Concerned that Germany's federal spy agency has been snooping on its email exchanges with journalists operating in dangerous countries, press freedom group Reporters Without Borders has lodged a constitutional lawsuit against the Bundesnachrichtendienst (BND).
Reporters Without Borders, Reporter ohne Grenzen or ROG, previously sued the BND at a Leipzig federal administrative court in 2015, arguing that the spy agency's mass-surveillance programs were likely to have scooped up its correspondence.
The claim related specifically to the year 2013 when, according to a subsequent parliamentary report, the BND's email-scanning systems flagged up over 15,000 messages for inspection by human eyes.
Given that ROG regularly corresponds with reporters in countries that are of interest to the BND, such as those in former Soviet states, the organization said it was likely that the BND's search criteria would have flagged up its communications.

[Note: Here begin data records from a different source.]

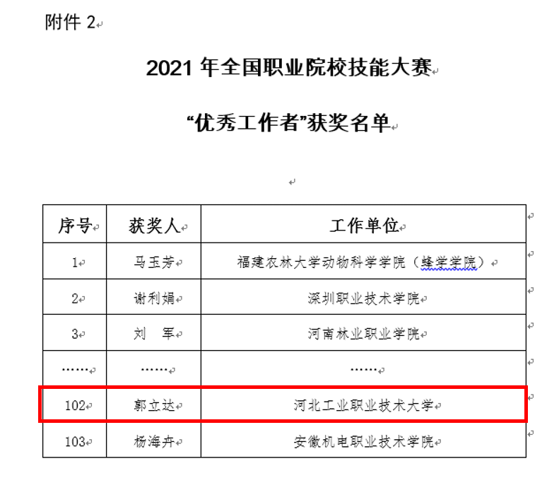 近日,全国职业院校技能大赛执行委员会发布了《关于公布2021年全国职业院校技能大赛“突出贡献奖”“优秀工作者”和“优秀裁判员”获奖名单的通知》(赛执委函〔2021〕39号),乐鱼网页版获得全国职业院校技能大赛承办校“突出贡献奖”,环境与化学工程系郭立达获得全国职业院校技能大赛“优秀工作者”称号。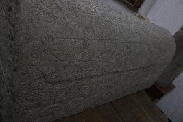 | Description / विवरण | It is an architectural decorative panel of a monument. This panel is rectangular-shaped with ends like parabolic arches.There are four faces to the panel that is carved on a granite boulder. On one end, except for few chiselled marks, it is completely devoid of any designs or engravings. The other end is intricately engraved with a short five lines of Islamic calligraphy. The engravings are almost worn out due to weathering. The inscription is surrounded by vegetal (creepers) motifs in the shape of an arch. Below that, we can observe a single strand of rhombus- shaped pattern is carved horizontally. Further down, there are three shallow miniature niches carved in a row. The niches are scalloped-shaped arches which were popular feature of Mughal art and architecture. There are Islamic calligraphic letters meticulously etched inside the niches. On one of the wider sides, there are three columns of different carvings. The first row has vegetal motifs and the next has rhombus-shaped geometric pattern on it. Farther, there are eight shallow scalloped-shaped arches with almost eroded calligraphic letters inscribed within. Unlike the rest, this frontal side has many elemental features embodied on it.The other side has similar eight numbers of niches, however, the carvings are eroded compared to the rest. Above those, there are vegetal and floral motifs carved in a horizontal band. Beginning from the left side, there are three boat-like engravings lined up one after the other. The last two have wheel-like with spokes shapes carved on each end of the boats. There are two parallel rhombus-shaped patterns carved in the entire front. However, the pattern faced a discontinuation due to a four line Islamic inscription etched in between. Socket-like depression on top of the panel. |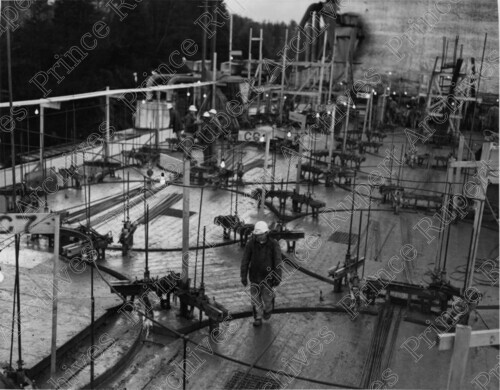 Scope & Content: Item consists of the construction site for a new addition to the Canadian Government Grain Elevator on the waterfront. Workmen wearing hard hats can be seen walking around the site. Stamped annotation on verso reads: "Photo by Jack Wrathall Prince Rupert, B. C."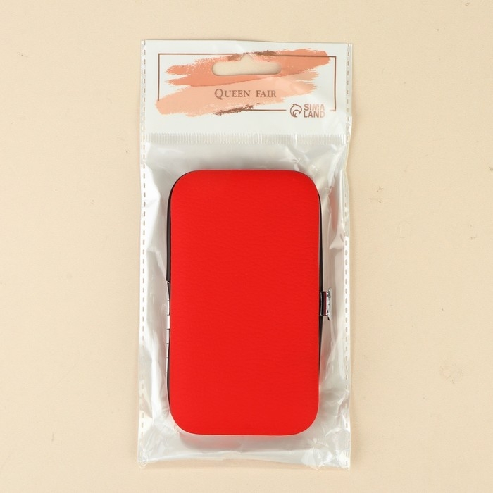 Набор маникюрный, 6 предметов, в футляре, цвет красный

ROG claimed this surveillance of its emails was illegal. However, last December the Leipzig court threw out most of the case on the basis that the press organization could not prove its correspondence had been spied on. A separate strand of the suit, regarding the legality of the BND's VerAS metadata analysis system, is still under way.
Now ROG is appealing to Germany's highest court. According to spokesman Christoph Dreyer, this development was always expected. "We were in fact hoping to take it to the constitutional court," he said.
As before, ROG reckons the BND is breaking Germany's G10 law, which covers the secrecy of post and telecoms and which supposedly imposes restrictions on the BND's activities. ROG says the surveillance infringes on freedom of expression and interferes with the freedom of the profession, because it limits the ability of journalists to maintain confidentiality.
Importantly, though, ROG is now also complaining about the lack of effective legal recourse.
"Because this surveillance is done in secret, the courts have been saying that you can't prove you were affected by it," Dreyer said. "We consider that absurd. It means you have no way to get the courts to look at it."
The BND's mass-surveillance capabilities come largely from tapping into the data that flows through German internet infrastructure, particularly the De-Cix exchange point in Frankfurt, the largest hub of its kind in the world.
The G10 law supposedly restricts the agency to inspecting a maximum of 20 percent of the traffic flowing through De-Cix, but last September the hub's operators sued the government, complaining that the BND had been exceeding that limit.
Last week, Der Spiegel reported that the BND has been systematically spying on foreign journalists for years. However, this surveillance was targeted rather than the type of mass snooping at the heart of ROG's new complaint.
The BND declined to comment on ROG's constitutional suit, saying it does not publicly discuss its work.